But that wasn’t the success that it seemed – officials now acknowledge that Taliban leaders like Hakimullah Mehsud are still alive because they rarely stay and fight and instead leave at the beginning of an operation. In this way, they are able to organize new recruits and drift back into areas after the army withdraws.
Indeed, even though the army launched its first offensive in Orakzai three years ago, the fighting is ongoing and thousands of people have fled their homes and villages.
Social worker Rahat Orakzai left the area in 2008 during an army offensive around his village, along with other members of his family and tribe. Months later, after the army had declared his area cleared of militants, he returned home only to find the Taliban still in control.
“We had to leave our homes twice due to the bombings and the brutality of the Taliban,” he said from a makeshift home in the town of Hangu, across the border from Orakzai in Pakistan proper. “Now we will stay put and not go back until we are absolutely sure the Taliban can never come back.”
‘Unwinnable war’ The military has announced that combat operations in Orakzai were over on several occasions. Last June, generals again declared victory only to find themselves engaged in fierce battle the very next day.
“This is an unwinnable war for (the Pakistan army),” said retired General Talat Masood, a military analyst. “You cannot win by killing and shooting people without going for the reasons that have given rise to this militancy.”
The government must address the lack of education, infrastructure and security for the people living in the tribal areas, as well as integrate the frontier into Pakistan proper, he said. And it also needs to abolish archaic land laws left over from the British Raj by which the tribal areas are governed, Masood added.
Also weighing heavily on the minds of Pakistan’s senior commanders and government officials are the 400,000 displaced people who were forced to flee their homes during the army’s offensive in South Waziristan last year. Military officials are anxious to move them back to their homes but had to delay the repatriation because the army was tied up in the rescue and rehabilitation operations of last summer’s flood victims.
Privately, some security officials say that the majority of the displaced families are too frightened of the Taliban to return back to their villages.
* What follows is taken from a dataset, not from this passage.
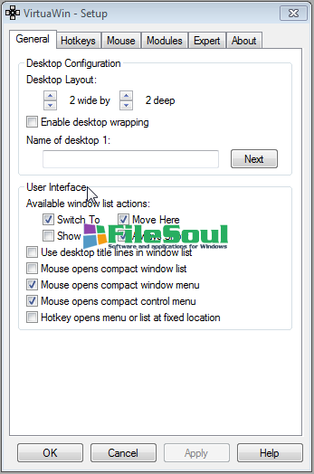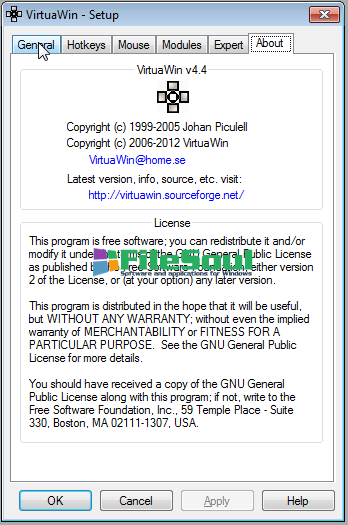 VirtuaWin is handy utility software that offers an elegant solution to organize your application over several desktops. The program can create multiple versions of your desktop where you can run different programs and switch between them when needed, as Unix users know for some time this useful way to manage applications. VirtuaWin lets users create up to 20 different, highly customizable virtual desktops and work on most Windows operating systems (Win9x/ME/NT/Win2K/XP/Win2003/Vista/Win7/Windows8). With a simple, intuitive yet attractive interface, VirtuaWin becomes an essential part of your productive workflow, offering many interesting features and highly customizable and extensible options.
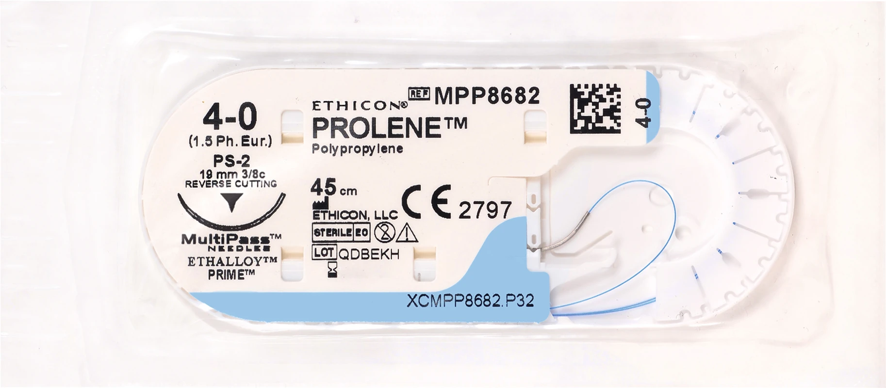 PROLENE [Polypropylen] ist ein synthetisches, nicht resorbierbares, monofiles Nahtmaterial. PROLENE zeichnet sich insbesondere durch die isotaktische Eigenschaft und das inerte Gewebeverhalten des Fadens aus.

An imminent operation in North Waziristan would create another torrent of hundreds of thousands of refugees and a backlash that the country can neither cope with nor afford, many believe.
‘How can the army claim victory?’ The military commanders freely admit that they are stretched.
The army is still bogged down in areas where they’ve wrapped up combat operations, like Swat, Bajaur, South Waziristan and Mohmand. The generals are only too well aware that if they withdraw too soon, the Taliban will move right back in.
When asked how long it would take before Orakzai is completely secured, Zeb said he needed more time.
"It could be months," he said.
For Israr Mahmud, a retired schoolteacher living in Orakzai, the Taliban are still very much around.
“They continue to kidnap people, run their own prisons and distribute their own harsh justice,” he told NBC News angrily. “They blow up army vehicles and kill soldiers almost every day, so how can the army claim victory?”
Still, the U.S. wants Pakistan to do more and is pushing hard for an offensive to clean up North Waziristan right next to Orakzai.
Branded the epicenter of terrorism, U.S. officials believe North Waziristan is the logistical headquarters for al-Qaida and a witches brew of terrorists planning attacks not only across the border in Afghanistan but also on the U.S. and Europe.
‘Follow the tribal ways’ 

Pakistani soldiers carry coffins of their colleagues during a funeral ceremony in Peshawar on Oct. 22 after bomb blast in the Yakh Kandaw area of Orakzai
Pakistani security insiders are resisting U.S. demands for an aggressive and immediate push in the area, however, saying its national priorities must come first and now is not the right time.
“We cannot just go (for a full-blown operation) into North Waziristan,” said a senior Pakistani security official who requested anonymity when speaking of the military’s strategy. “We have to follow the tribal ways and work with the tribes or else it won’t work.”
And that probably means doing deals with the elders who can convince the rest of the tribes to expel the foreigners in their area, usually in return for some financial reward. After elders agree to a deal, according to the tribal code of honor, anyone who breaks it will bring collective punishment on the entire tribe
Lt. General Asif Yasin Malik, the main military commander in Pakistan’s northwest, echoed that sentiment when he said that it would still take months before ongoing operations and talks in other tribal areas completely cleared out the militants.
“What we have to do, we have to stabilize the whole area. I have a very large area in my command so I must stabilize the other areas and then maybe look at North Waziristan,” Malik said.
Such talk is likely to upset U.S. officials. Equally alarming for the American government is Pakistan’s assertion that it will not go after the al-Qaida linked Haqqani network in North Waziristan. Washington has pointed to eliminating the group as key to stabilizing Afghanistan.
Pakistani doubts expressed both privately and publicly haven’t stopped the rumors in North Waziristan that the army will strike simply because the U.S. is demanding they do. Hafiz Gul Bahadur, a prominent Taliban commander in North Waziristan, recently offered to raise two billion dollars for the army so the government could be strong enough to refuse U.S. money and not attack the tribes of North Waziristan.
Masood, the military analyst, described the current state of U.S.- Pakistan relations as unfortunate.
“Pakistan is in a trap," he said. “The U.S. is so hard on Pakistan and pushes Pakistan so much that we have lost our ability to find our own solutions.”
© 2010 msnbc.com  Reprints

Could Wall Street's Favorite Dem Head Obama's Consumer Bureau?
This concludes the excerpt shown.